How can Simpson's paradox affect A/B test results, and how do you detect and resolve it?
Simpson's paradox occurs when a trend present in every subgroup reverses or disappears in the aggregate, because the subgroup sizes differ between treatment and control. In A/B tests it most often appears when the randomization is imbalanced across a strong confounding variable.
How to think about it
A concrete example
Suppose you are testing a new search ranking algorithm. Overall, the treatment group has a lower click-through rate (CTR) than control. But when you segment by device type:
| Segment | Control CTR | Treatment CTR |
|---|---|---|
| Mobile | 12 % | 14 % |
| Desktop | 28 % | 31 % |
| Overall | 22 % | 20 % |
How?
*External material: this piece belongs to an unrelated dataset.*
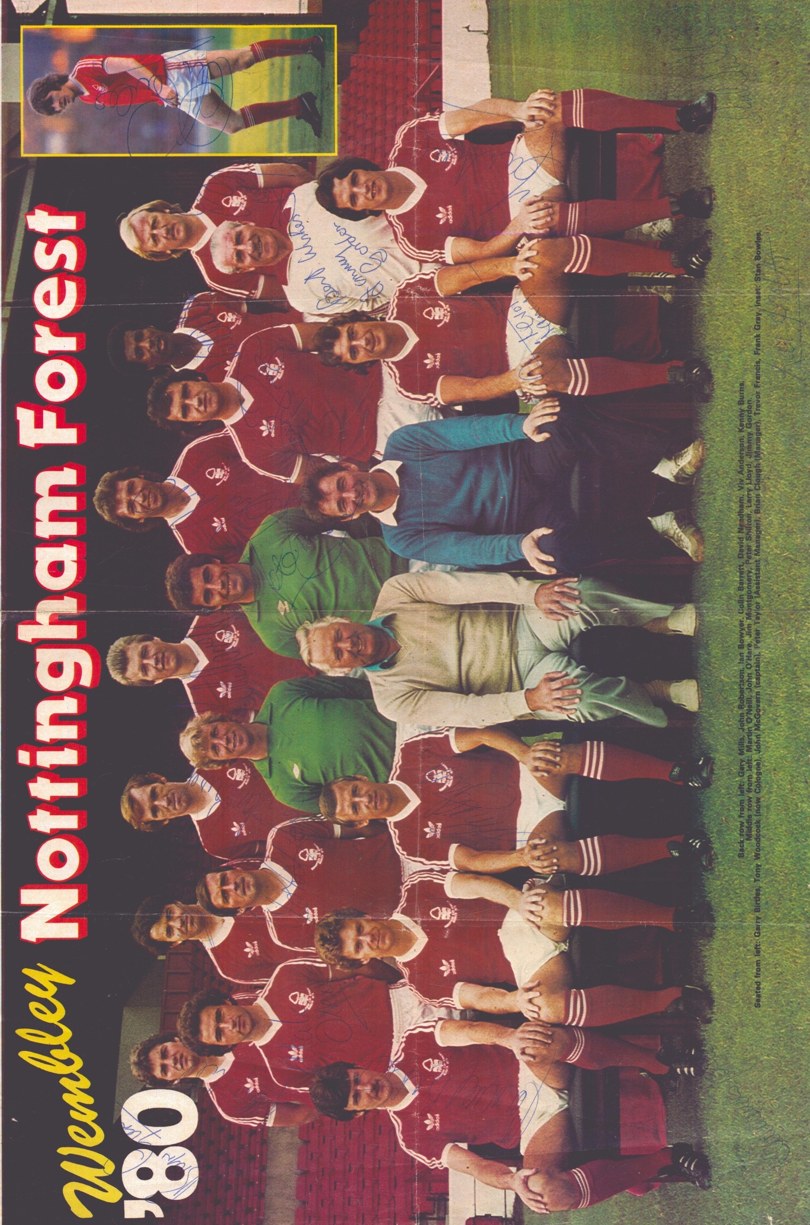 Gary Mills, John O'Hare, Trevor Francis and others signed Nottingham Forest Wembley 1980, magazine page.

The treatment was launched with a traffic ramp that accidentally sent more mobile users (who have lower baseline CTR) to treatment. Mobile is 80 % of treatment traffic but only 40 % of control traffic. The aggregate treatment average is dragged down by the composition, not by the algorithm being worse.
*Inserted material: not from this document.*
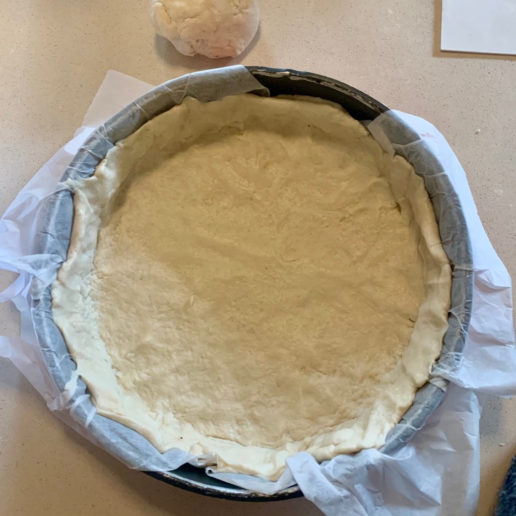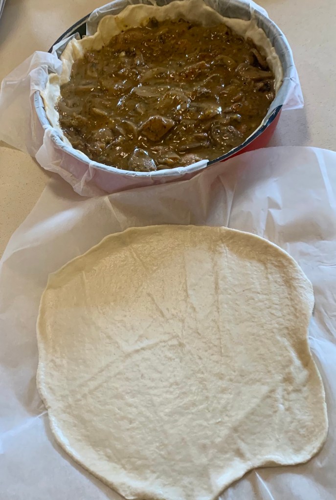 Ho steso 2/3 dell’impasto con l’aiuto della carta forno ed ho foderato la teglia cercando di tenere i bordi alti. Ho quindi versato lo stufato ormai freddo e con il resto dell’impasto ho fatto la copertura.

Why it happens in A/B tests
Pure random user-level assignment should in expectation balance all covariates. But in practice, randomization can be imperfect: bucket collisions in a hashing scheme, time-based launch that inadvertently coincides with a user population shift, or a platform/country that comes online mid-experiment. The result is that a confounding variable (device type, country, user tenure) is unequally distributed between arms.
Detection
Run a Sample Ratio Mismatch (SRM) check first: if the treatment-to-control ratio deviates significantly from the intended split (e.g., you targeted 50/50 but observe 55/45), randomization is broken and no analysis should be trusted until the root cause is found. After confirming no SRM, segment the primary metric by all major covariates and check for directional inconsistency with the aggregate.
Resolution
- If SRM is detected: do not analyze. Find and fix the assignment bug; re-run the experiment.
- If SRM is clean but the paradox is present: report the subgroup-level estimates. Weight by the target population distribution rather than the observed sample composition (post-stratification). The weighted estimate is the correct causal estimate.
In large platforms (Meta, Google), automated SRM detection and stratified reporting are built into the experiment infrastructure precisely because composition imbalances are easy to miss manually.